COLLECTED MATERIAL ::

= = = =

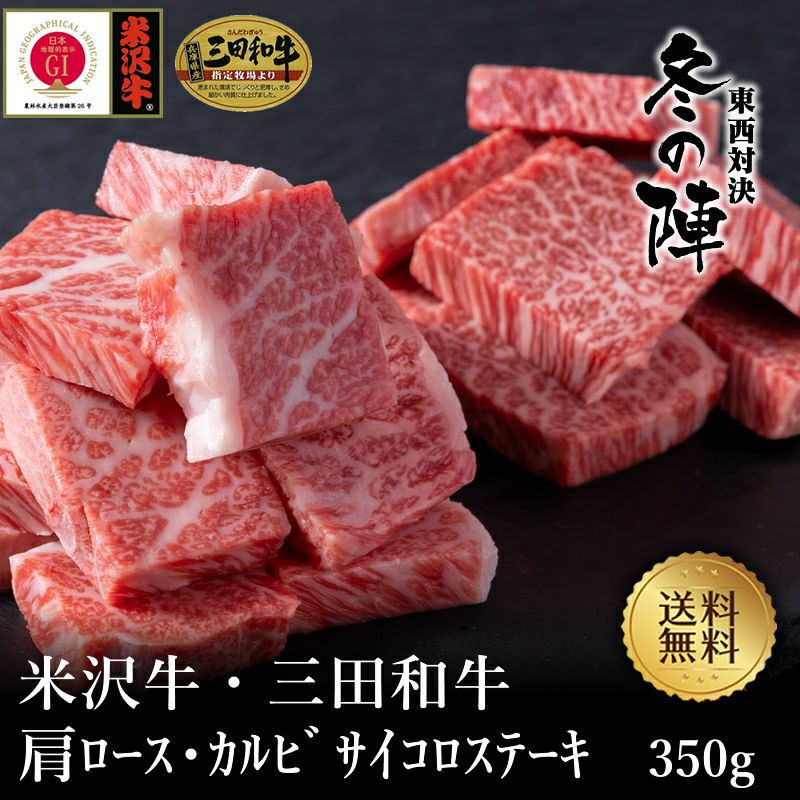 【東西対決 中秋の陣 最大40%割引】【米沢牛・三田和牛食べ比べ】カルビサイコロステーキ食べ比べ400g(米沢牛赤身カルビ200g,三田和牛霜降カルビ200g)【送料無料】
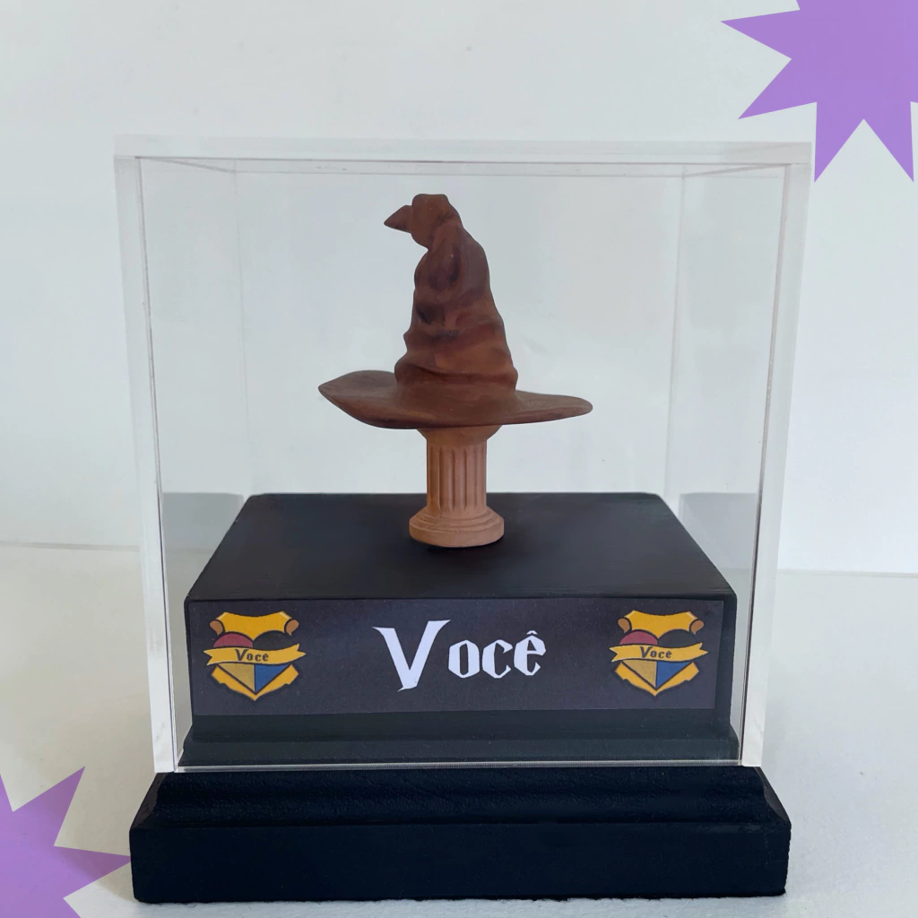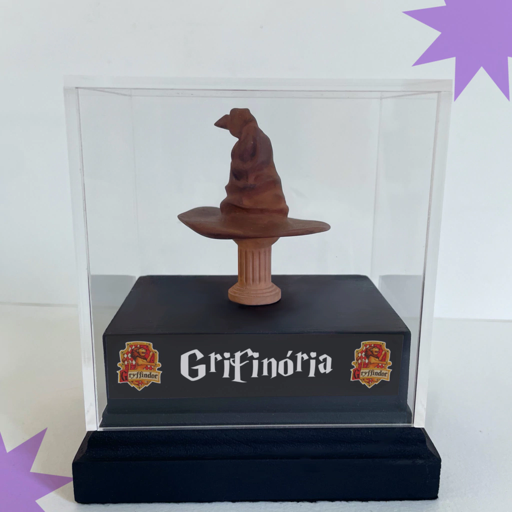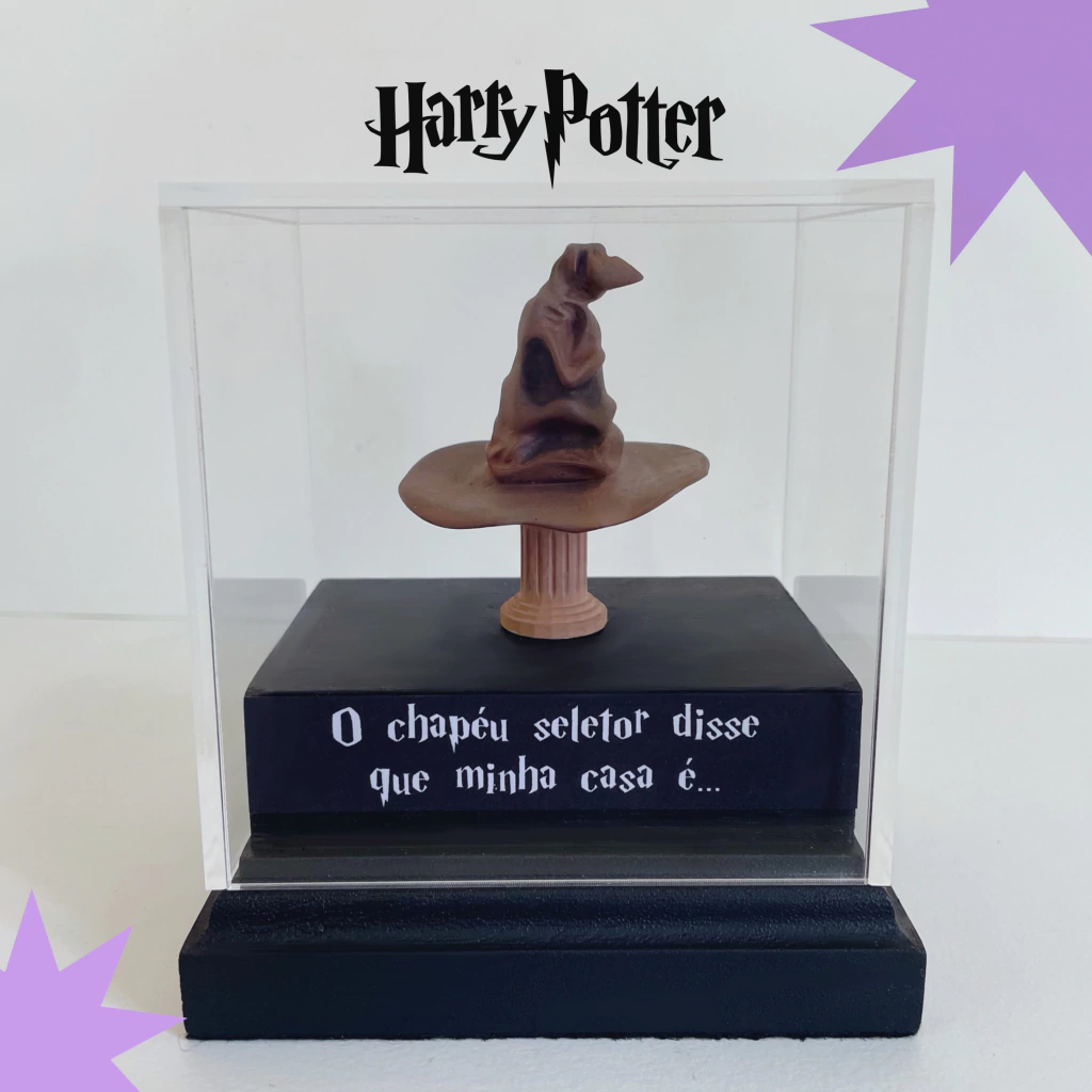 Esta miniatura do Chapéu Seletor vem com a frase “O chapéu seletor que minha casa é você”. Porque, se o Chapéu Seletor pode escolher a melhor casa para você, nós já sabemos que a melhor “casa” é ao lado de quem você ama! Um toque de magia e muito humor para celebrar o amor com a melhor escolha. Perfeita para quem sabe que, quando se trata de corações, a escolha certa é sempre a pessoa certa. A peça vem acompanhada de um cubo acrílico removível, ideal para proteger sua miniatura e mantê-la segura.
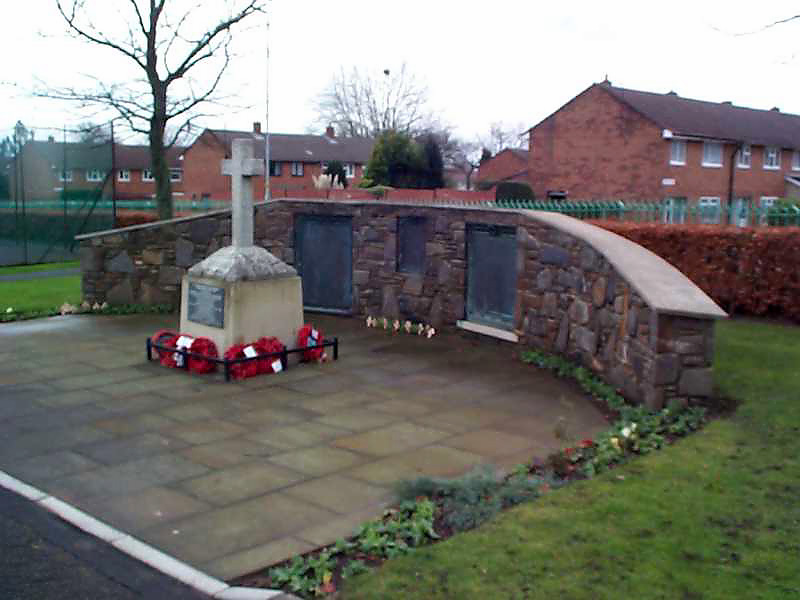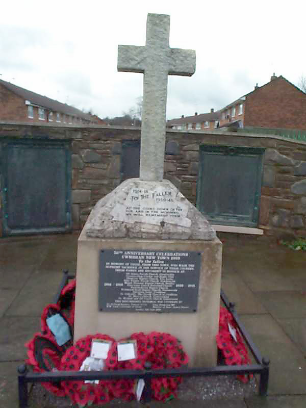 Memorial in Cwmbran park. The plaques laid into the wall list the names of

= = = =

HOW TO COMPLETE THIS TASK :: Up to and including the last line of the listing, starting at the line with "Esta miniatura do", extract every line exactly and leave out the pictures.

EXPECTED OUTPUT ::
 Esta miniatura do Chapéu Seletor vem com a frase “O chapéu seletor que minha casa é você”. Porque, se o Chapéu Seletor pode escolher a melhor casa para você, nós já sabemos que a melhor “casa” é ao lado de quem você ama! Um toque de magia e muito humor para celebrar o amor com a melhor escolha. Perfeita para quem sabe que, quando se trata de corações, a escolha certa é sempre a pessoa certa. A peça vem acompanhada de um cubo acrílico removível, ideal para proteger sua miniatura e mantê-la segura.
 Memorial in Cwmbran park. The plaques laid into the wall list the names of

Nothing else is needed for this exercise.